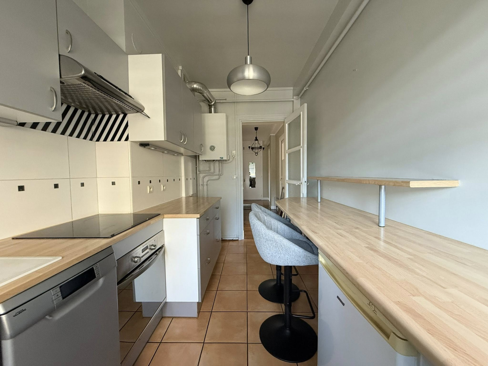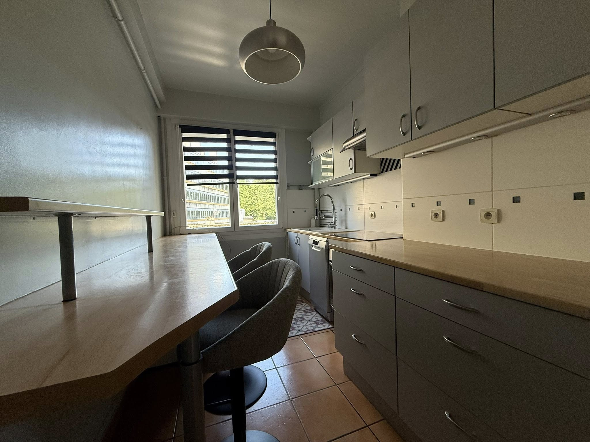 Entrée, dégagement avec grand placard, WC indépendant, une cuisine équipée indépendante (four, lave-vaisselles, plauqe à induction, hotte, coin repas avec deux chaises), une chambre (le dressing restera), une salle d'eau (douche spacieuse, sèche-serviettes), salon salle à manger accès balcon.
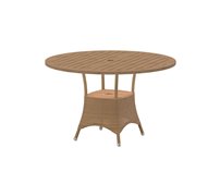 Zahradní ratanový jídelní stůl Lansing značky Cane-line. Rám jídelního stolu je z hliníku, výplet z umělého ratanu ve 2 barvách: béžová (natural), hnědo šedá (taupe). Deska stolu teak.
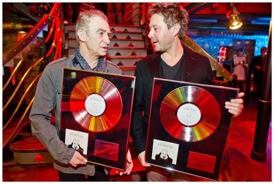 Seweryn Krajewski i Andrzej Piaseczny odbierają platynowe płyty za album „Jak tam jest” (foto: Rafał Nowakowski/facebook.com)
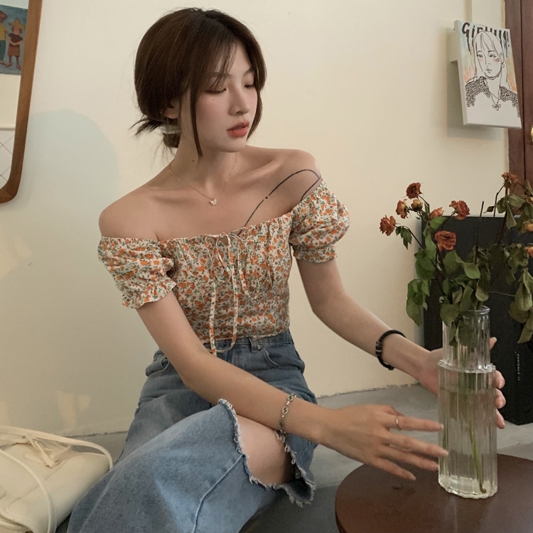 实拍实价~ 韩版夏款 设计感小众别致方领碎花短款短袖衬衫

Directions: Although the material contains pictures, only the lines are to be written out, exactly as they stand.

Task result:
 Entrée, dégagement avec grand placard, WC indépendant, une cuisine équipée indépendante (four, lave-vaisselles, plauqe à induction, hotte, coin repas avec deux chaises), une chambre (le dressing restera), une salle d'eau (douche spacieuse, sèche-serviettes), salon salle à manger accès balcon.
 Zahradní ratanový jídelní stůl Lansing značky Cane-line. Rám jídelního stolu je z hliníku, výplet z umělého ratanu ve 2 barvách: béžová (natural), hnědo šedá (taupe). Deska stolu teak.
 Seweryn Krajewski i Andrzej Piaseczny odbierają platynowe płyty za album „Jak tam jest” (foto: Rafał Nowakowski/facebook.com)
 实拍实价~ 韩版夏款 设计感小众别致方领碎花短款短袖衬衫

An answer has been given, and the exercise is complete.